Text Augmentation Strategy: For each species, generate prompts combining:
- Common name (e.g., "American Robin")
- Scientific name (e.g., Turdus migratorius)
- Taxonomic sequence (e.g., "Aves → Passeriformes → Turdidae → Turdus → migratorius")
Architecture: HTS-AT audio encoder + RoBERTa text encoder with contrastive loss.
Key Results
Unseen Species Classification: AnimalCLAP achieves 27.6% top-1 accuracy vs. baseline CLAP's 1.61%—a 17× improvement. This validates that hierarchical structure generalizes to novel species.
Taxonomy Ablation: Randomizing taxonomic sequence ordering reduces accuracy substantially, confirming that hierarchy ordering (not just presence of names) drives generalization.

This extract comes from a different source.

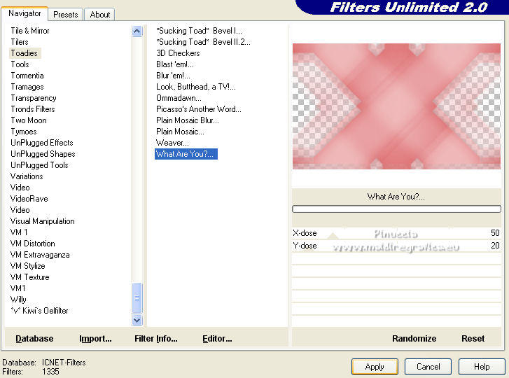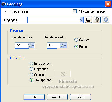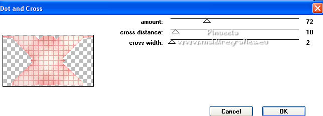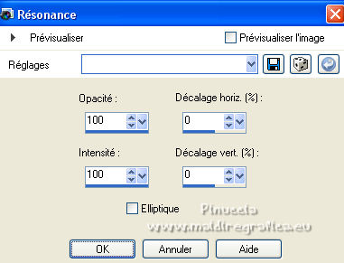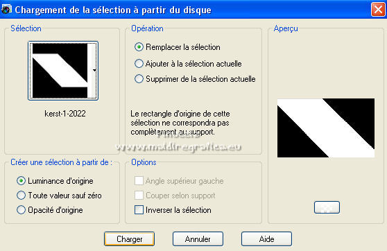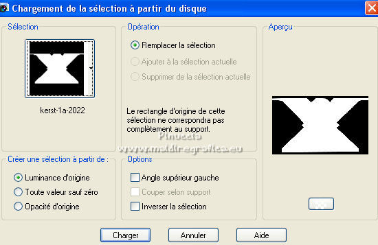 Ce tutoriel a été créé avec CorelX17, mais il peut également être exécuté avec les autres versions. Pour traduire le tutoriel j'ai utilisé CorelX17 pour l'italien et CorelX2 pour le français. Suivant la version utilisée, vous pouvez obtenir des résultats différents. Depuis la version X4, la fonction Image>Miroir a été remplacée par Image>Renverser horizontalement, et Image>Renverser avec Image>Renverser verticalement. Dans les versions X5 et X6, les fonctions ont été améliorées par la mise à disposition du menu Objets. Dans la nouvelle version X7, nous avons à nouveau Miroir/Renverser, mais avec autres différences. Voir plus les détails à ce sujet ici Certaines dénominations ont changées entre les versions de PSP. Les plus frequentes dénominations utilisées: ![]() Traduction en italien ici Vos versions iciNécessaire pour réaliser ce tutoriel: ![]() (les liens des sites des tubeuses ici) ![]() consulter, si nécessaire, ma section de filtre ici Filters Unlimited 2.0 ici Toadies - What are you ici Carolaine and Sensibility - CS-Ldots ici Penta.com - Dot and Cross ici AAA Frames - Foto Frame ici Filtres Toadies et Penta.com peuvent être utilisés seuls ou importés dans Filters Unlimited. voir comment le faire ici). Certains filtres peuvent donner des résultats différents selon la version d'Unlimited utilisée. Si un filtre est fourni avec cette icône, ![]() Si vous voulez utiliser vos propres couleurs, n'hésitez pas à changer le mode et l'opacité des calques ![]() 1. Placer en avant plan la couleur #d64649, et en arrière plan la couleur #fdefef. ![]() 2. Ouvrir une nouvelle image transparente 900 x 550 pixels. ![]() 3. Sélections>Sélectionner tout. Ouvrir acthergrondrood.jpg" et Édition>Copier.Revenir sur votre travail et Édition>Coller dans la sélection. 4. Sélections>Charger/Enregistrer une sélection>Charger à partir du disque. Chercher et charger la sélection KERST-1-2022. ![]() Sélections>Transfoermer la sélection en calque. Sélections>Désélectionner tout. 5. Calques>Dupliquer. Image>Miroir. Calques>Fusionner>Fusionner le calque de dessous. 6. Effets>Effets 3D>Ombre portée, couleur noire. ![]() 7. Calques>Dupliquer. Effets>Effets géométriques>Cercle. ![]() 8. Vous positionner sur le calque Raster 1. ![]() Effets>Effets de réflexion>Résonance. ![]() 9. Vous positionner sur le calque du haut de la pile, copie de Sélection Transformée. Effets>Modules Externes>Carolaine and Sensibility - CS-LDots. ![]() 10. Vous positionner sur le calque de dessous, Sélection transformée. Effets>Modules Externes>Toadies - What are you. ![]() Rester sur ce calque. 11. Sélections>Charger/Enregistrer une sélection>Charger à partir du disque. Chercher et charger la sélection KERST-1a-2022. ![]() Sélections>Transformer la sélection en calque. 12. Effets>Modules Externes>Penta.com - Dot and Cross. ![]() Sélections>Désélectionner tout. 13. Effets>Effets 3D>Ombre portée, couleur noire. ![]() 14. Vous positionner sur le calque du haut de la pile, Copie de sélection transformée. Ouvrir le tube christmas-time-argo.png et Édition>Copier.Revenir sur votre travail et Édition>Coller comme nouveau calque. 15. Ouvrir le tube HappyChrismas-by Margo.png et Édition>Copier.Revenir sur votre travail et Édition>Coller comme nouveau calque. 16. Effets>Effets d'image>Décalage. ![]() 17. Ouvrir tekst-1--2022.png et Édition>Copier.Revenir sur votre travail et Édition>Coller comme nouveau calque. Effets>Effets d'image>Décalage. ![]() Effets>Effets 3D>Ombre portée, couleur noire. ![]() 18. Ouvrir 0-5b0f8-4bde.pspimage et Édition>Copier.Revenir sur votre travail et Édition>Coller comme nouveau calque. 19. Image>Ajouter des bordures, 2 pixels, symétrique, couleur foncée. Sélections>Sélectionner tout. Image>Ajouter des bordures, 50 pixels, symétrique, couleur blanche. Sélections>Inverser. Effets>Effets 3D>Ombre portée, couleur noire. ![]() Sélections>Désélectionner tout. 20. Ouvrir rand.png et Édition>Copier.Revenir sur votre travail et Édition>Coller comme nouveau calque. 21. Image>Ajouter des bordures, 1 pixel, symétrique, couleur foncée. 22. Signer votre travail sur un nouveau calque. Calques>Fusionner>Tous et enregistrer en jpg. Version avec une image trouvée sur Internet. ![]() Pour réaliser le tube, j'ai utilisé un des nouveaux outils des plus récentes versions de PSP. Voir ici ![]() Si vous avez des problèmes, ou des doutes, ou vous trouvez un link modifié, ou seulement pour me dire que ce tutoriel vous a plu, vous pouvez m'écrire. |

Trait Prediction: Model successfully predicts ecological traits directly from audio:
- Activity patterns: 83.7% accuracy
- Predator classification: 92.6% accuracy
- Broader environmental traits: lower but significant
Test Set Design: 300 rare species with <15 recordings each prevents training data leakage and validates true out-of-distribution generalization.
Deployment Recipe
-
Data Collection Criteria: Use only Creative Commons-licensed recordings from iNaturalist and Xeno-canto; verify habitat/temporal diversity.
-
Annotation Workflow: Obtain species labels, aggregate taxonomic names via open databases (NCBI Taxonomy), compute taxonomic sequences programmatically.
-
Text Prompt Construction: For species S, generate: "A recording of [common_name], scientifically known as [scientific_name], belonging to the sequence [path_from_class_to_species]."
-
Training: Contrastive learning with standard CLIP objective; ensure balanced sampling across taxonomic levels to prevent genus/family overfitting.
-
Evaluation: Always construct test sets using rare species (<15 recordings) to measure generalization to unseen taxa. Include both accuracy and trait prediction metrics.
Practical Implications
- Scaling: Hierarchy enables few-shot learning for data-scarce species; economic impact for conservation monitoring.
- Trait Transfer: Learned audio representations capture ecological properties, enabling downstream tasks (habitat prediction, behavior classification) without additional annotation.
- Generalization Principle: Metadata-informed contrastive learning outperforms brute-force scaling in domains with natural hierarchies.